Record excerpts:
>>>

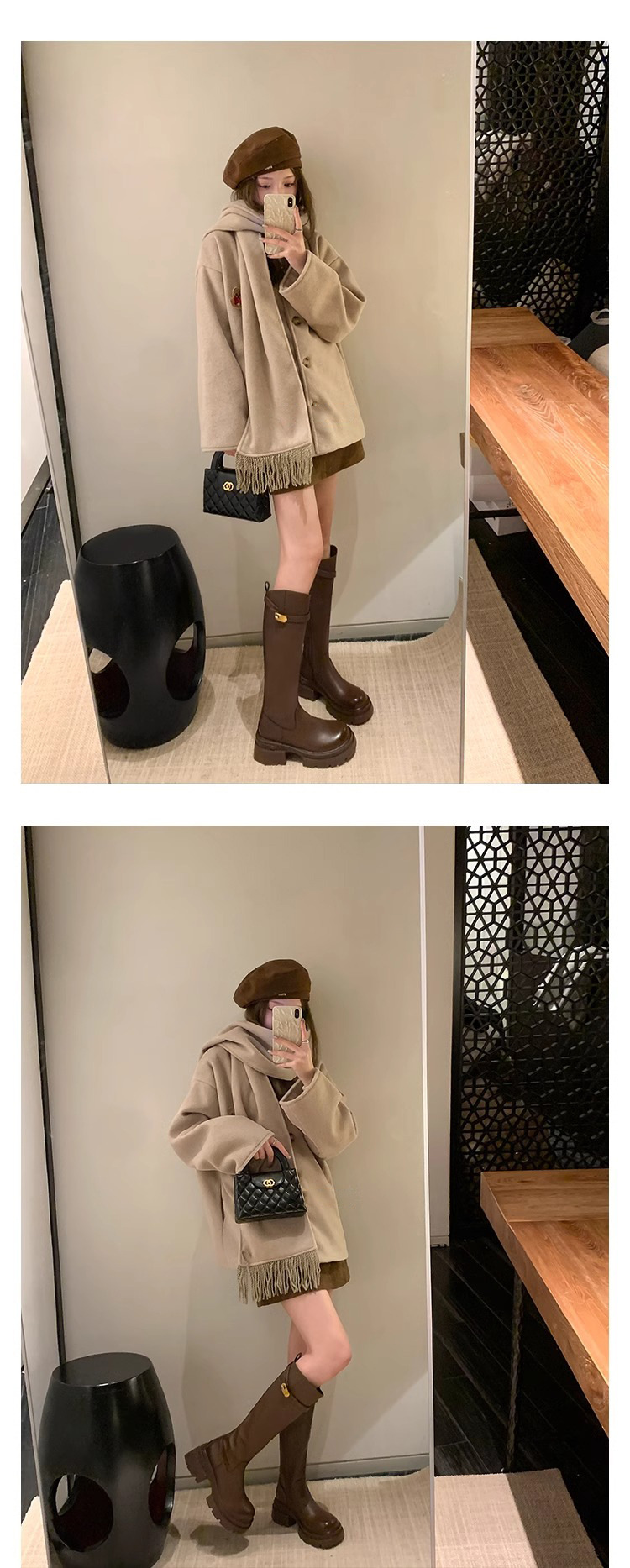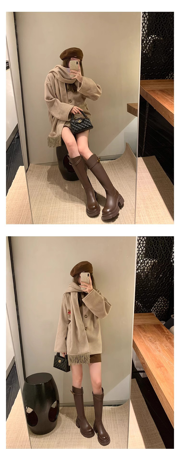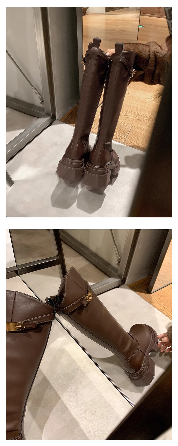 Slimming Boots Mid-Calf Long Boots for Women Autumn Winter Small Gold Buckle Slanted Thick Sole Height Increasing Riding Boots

<<<
>>>

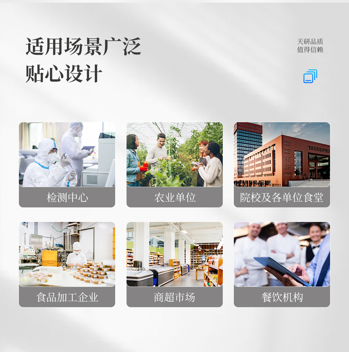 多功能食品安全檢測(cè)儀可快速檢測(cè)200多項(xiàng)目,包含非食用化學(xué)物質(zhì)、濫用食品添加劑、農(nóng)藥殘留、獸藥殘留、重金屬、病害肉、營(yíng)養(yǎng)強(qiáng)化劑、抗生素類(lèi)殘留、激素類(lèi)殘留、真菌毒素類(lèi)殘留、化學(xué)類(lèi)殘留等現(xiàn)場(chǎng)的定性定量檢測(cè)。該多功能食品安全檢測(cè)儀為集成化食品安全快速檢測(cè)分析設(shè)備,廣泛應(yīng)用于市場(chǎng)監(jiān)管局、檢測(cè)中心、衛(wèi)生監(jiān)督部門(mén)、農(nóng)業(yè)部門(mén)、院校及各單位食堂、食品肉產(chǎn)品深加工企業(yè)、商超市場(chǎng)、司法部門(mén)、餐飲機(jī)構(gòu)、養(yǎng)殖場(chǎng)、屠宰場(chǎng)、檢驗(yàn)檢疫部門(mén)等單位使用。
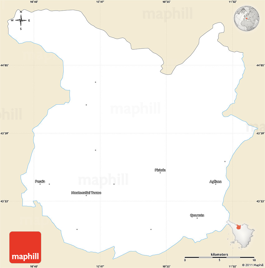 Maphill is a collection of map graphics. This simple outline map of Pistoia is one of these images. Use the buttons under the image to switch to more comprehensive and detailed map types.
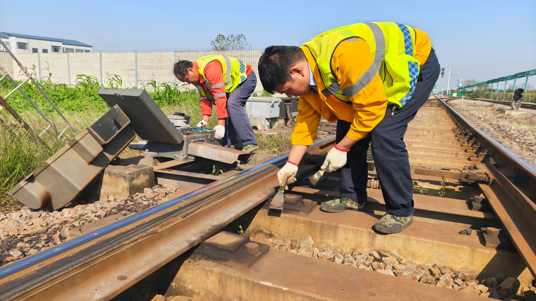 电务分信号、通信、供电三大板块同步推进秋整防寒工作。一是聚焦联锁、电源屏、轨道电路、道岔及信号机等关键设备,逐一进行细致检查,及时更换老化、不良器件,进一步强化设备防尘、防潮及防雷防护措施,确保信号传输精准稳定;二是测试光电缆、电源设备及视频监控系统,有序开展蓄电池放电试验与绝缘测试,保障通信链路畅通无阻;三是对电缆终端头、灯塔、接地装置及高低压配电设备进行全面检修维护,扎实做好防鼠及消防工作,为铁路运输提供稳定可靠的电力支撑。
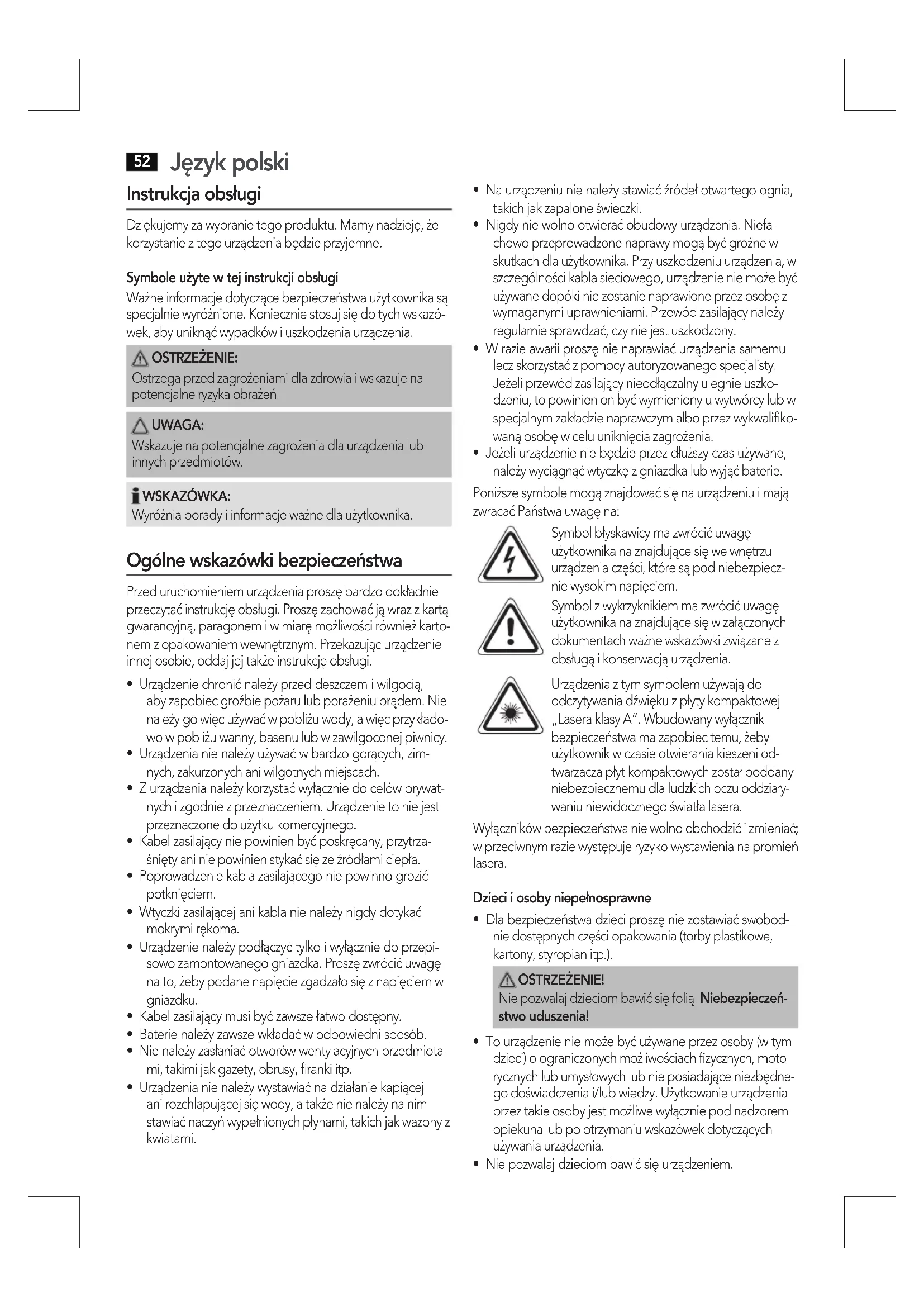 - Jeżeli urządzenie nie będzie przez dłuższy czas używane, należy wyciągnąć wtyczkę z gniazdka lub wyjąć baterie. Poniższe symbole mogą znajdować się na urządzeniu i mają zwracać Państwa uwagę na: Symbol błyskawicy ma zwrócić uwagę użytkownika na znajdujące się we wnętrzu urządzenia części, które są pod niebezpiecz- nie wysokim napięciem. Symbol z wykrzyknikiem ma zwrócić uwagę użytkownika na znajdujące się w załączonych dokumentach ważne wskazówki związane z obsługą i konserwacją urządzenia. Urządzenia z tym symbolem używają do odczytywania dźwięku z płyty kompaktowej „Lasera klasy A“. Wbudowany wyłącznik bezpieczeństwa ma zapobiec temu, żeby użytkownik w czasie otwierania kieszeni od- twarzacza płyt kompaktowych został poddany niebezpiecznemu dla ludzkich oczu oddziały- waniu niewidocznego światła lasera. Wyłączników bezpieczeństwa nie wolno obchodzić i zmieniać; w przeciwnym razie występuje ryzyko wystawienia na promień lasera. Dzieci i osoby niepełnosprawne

<<<
>>>

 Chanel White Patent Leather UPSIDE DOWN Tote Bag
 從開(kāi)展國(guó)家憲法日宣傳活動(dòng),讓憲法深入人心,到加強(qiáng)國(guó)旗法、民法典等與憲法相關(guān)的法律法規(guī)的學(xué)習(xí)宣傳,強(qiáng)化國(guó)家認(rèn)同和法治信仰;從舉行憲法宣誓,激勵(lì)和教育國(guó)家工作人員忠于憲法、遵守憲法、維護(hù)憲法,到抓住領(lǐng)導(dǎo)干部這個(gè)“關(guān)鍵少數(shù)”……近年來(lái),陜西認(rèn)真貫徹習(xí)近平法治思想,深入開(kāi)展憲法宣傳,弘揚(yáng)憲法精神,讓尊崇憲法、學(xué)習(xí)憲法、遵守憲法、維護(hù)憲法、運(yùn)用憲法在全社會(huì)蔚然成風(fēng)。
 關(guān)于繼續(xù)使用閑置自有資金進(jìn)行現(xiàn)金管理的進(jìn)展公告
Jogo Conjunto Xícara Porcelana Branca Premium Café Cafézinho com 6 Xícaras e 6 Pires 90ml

<<<

Only the lines of the listing above from the one with "多功能食品安全檢測(cè)儀可快速檢測(cè)200多項" through the one with "电务分信号、通信、供电三大板" should be output, exactly, with both ends kept and pictures left out.

Result of the task:
 多功能食品安全檢測(cè)儀可快速檢測(cè)200多項(xiàng)目,包含非食用化學(xué)物質(zhì)、濫用食品添加劑、農(nóng)藥殘留、獸藥殘留、重金屬、病害肉、營(yíng)養(yǎng)強(qiáng)化劑、抗生素類(lèi)殘留、激素類(lèi)殘留、真菌毒素類(lèi)殘留、化學(xué)類(lèi)殘留等現(xiàn)場(chǎng)的定性定量檢測(cè)。該多功能食品安全檢測(cè)儀為集成化食品安全快速檢測(cè)分析設(shè)備,廣泛應(yīng)用于市場(chǎng)監(jiān)管局、檢測(cè)中心、衛(wèi)生監(jiān)督部門(mén)、農(nóng)業(yè)部門(mén)、院校及各單位食堂、食品肉產(chǎn)品深加工企業(yè)、商超市場(chǎng)、司法部門(mén)、餐飲機(jī)構(gòu)、養(yǎng)殖場(chǎng)、屠宰場(chǎng)、檢驗(yàn)檢疫部門(mén)等單位使用。
 Maphill is a collection of map graphics. This simple outline map of Pistoia is one of these images. Use the buttons under the image to switch to more comprehensive and detailed map types.
 电务分信号、通信、供电三大板块同步推进秋整防寒工作。一是聚焦联锁、电源屏、轨道电路、道岔及信号机等关键设备,逐一进行细致检查,及时更换老化、不良器件,进一步强化设备防尘、防潮及防雷防护措施,确保信号传输精准稳定;二是测试光电缆、电源设备及视频监控系统,有序开展蓄电池放电试验与绝缘测试,保障通信链路畅通无阻;三是对电缆终端头、灯塔、接地装置及高低压配电设备进行全面检修维护,扎实做好防鼠及消防工作,为铁路运输提供稳定可靠的电力支撑。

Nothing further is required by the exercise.